The majority of the movie follows the kids wandering around the school while the Mangler picks them off one by one. The effects feel so lazy and cheap, I kind of love them. Oh my god, a wire is moving and knocks over the fire ax! The lock to the freezer is broken and the chef is trapped inside! The nu-metal is replaced with generic early 2000s techno because of course it is.
I’m going to be real with you—this movie is not good. In all honesty, it’s mostly terrible. It’s kind of charming in a way though too, hitting all those nostalgic beats for me and bringing me back to the tiny video rental and sitting way too close to my TV with a built-in VCR. It’s like a greasy pizza, you know it’s not good for you, but what are you gonna do, NOT eat it? It’s the same with movies—sometimes you just gotta watch a bad one. A lot of people compare this to Lawnmower Man, with similarly bad CGI and not really having anything to do with the original story. It really feels like Stephen King adaptations are either masterpieces or junk.
The only other thing of note is that the Mangler takes over the Headmaster’s body, but it looks so bad. There are some dollar store Tetsuo the Iron Man wires coming out of his face and back and they augment his voice to sound a bit more robotic. Jo tricks him and installs a program that kills the man-computer system hybrid and they leave the school and this mess of a movie forever.
The Mangler Reborn
Reborn starts us off with the shlubby repairman Hadley and his wife are arguing over dinner.
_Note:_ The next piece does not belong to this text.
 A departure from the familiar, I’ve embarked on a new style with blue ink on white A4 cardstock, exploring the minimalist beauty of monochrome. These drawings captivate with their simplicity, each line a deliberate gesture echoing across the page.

You haven’t worked in a week! You’re obsessed with that…that machine! He storms off to work on fixing it, while ambient tones and whispering get louder and louder. He gets a small cut and the blood is absorbed, awakening the beast yet again. Then it eats him. What should be the end for this man is kind of beginning. He takes on this Jason-esque walk and quiet and dedicates himself to feeding people into the machine, or else his body will rot. This is supposed to be the laundry press from the first movie, but I have several problems with that. It’s much too small to be the same machine—Hadley puts it in an upstairs bedroom. Did he lug it up there himself? Why not put it in the garage? Their house is massive, surely there’s another place he can put this thing. What is he going to do with it when it’s fixed?
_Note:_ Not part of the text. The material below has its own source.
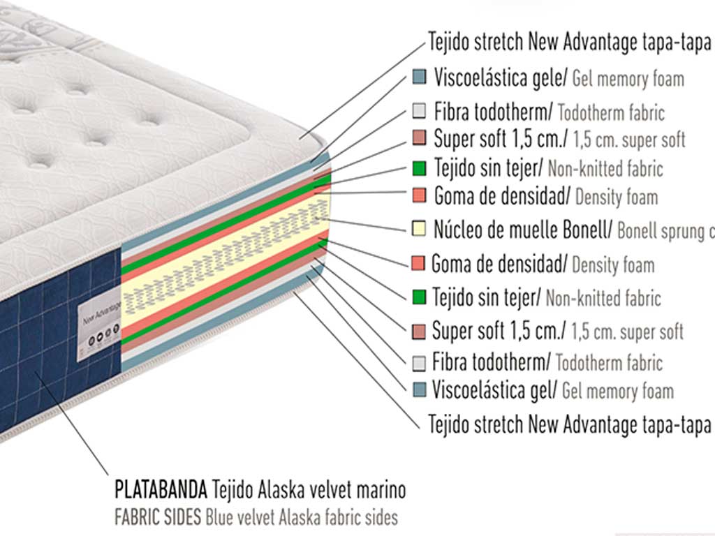 Fibra todoterm: Fibra térmica especial pensada para absorber la humedad que produce el cuerpo durante el descanso, manteniendo el colchón más limpio y evitando posibles perjuicios para la salud.

As with many low-budget horror films like this, it seems like as long as you have one recognizable star in the cast it’s bound to work, right? In the case of Mangler Reborn, it’s Reggie Bannister—aka Reggie the ice cream man from Phantasm. He and his son Mikey are burglars, pretending to be delivery drivers to break into houses. Except oh no—they broke into the Mangler house! And now they’re trapped!
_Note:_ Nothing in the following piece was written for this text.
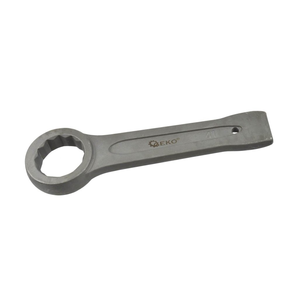 Očkový klíč na zatloukání určený k odšroubování pevně utažených nebo zaseknutých šroubů povýkoní úderů kladivem na konec rukojeti klíče.

If The Mangler 2 is like pizza, Mangler Reborn is like old leftovers. There are hints of what it once was, but it’s too far gone to be still called “The Mangler”. Just throw it out. The acting is comically bad. “I can’t get caught breaking and entering! They’ll send me back to the can!” Mikey says at one point. There are some deaths, some blood spray, but it’s all just kind of boring. Even the reveal that Hadley is kind of turning into a machine isn’t enough to save this one. Is he the MAN-gler now? (I’ll see myself out.) I’d only suggest it if you are hellbent on saying you’ve watched all the Mangler movies. We can be a club or something!
While I can’t really recommend the latter 2 films, it was kind of fun to look back on them. For some reason, they’ve stuck with me. Maybe it’s just the idea of a person being folded up. In which case, if you want to see that, just check out the first one. It all goes downhill from there.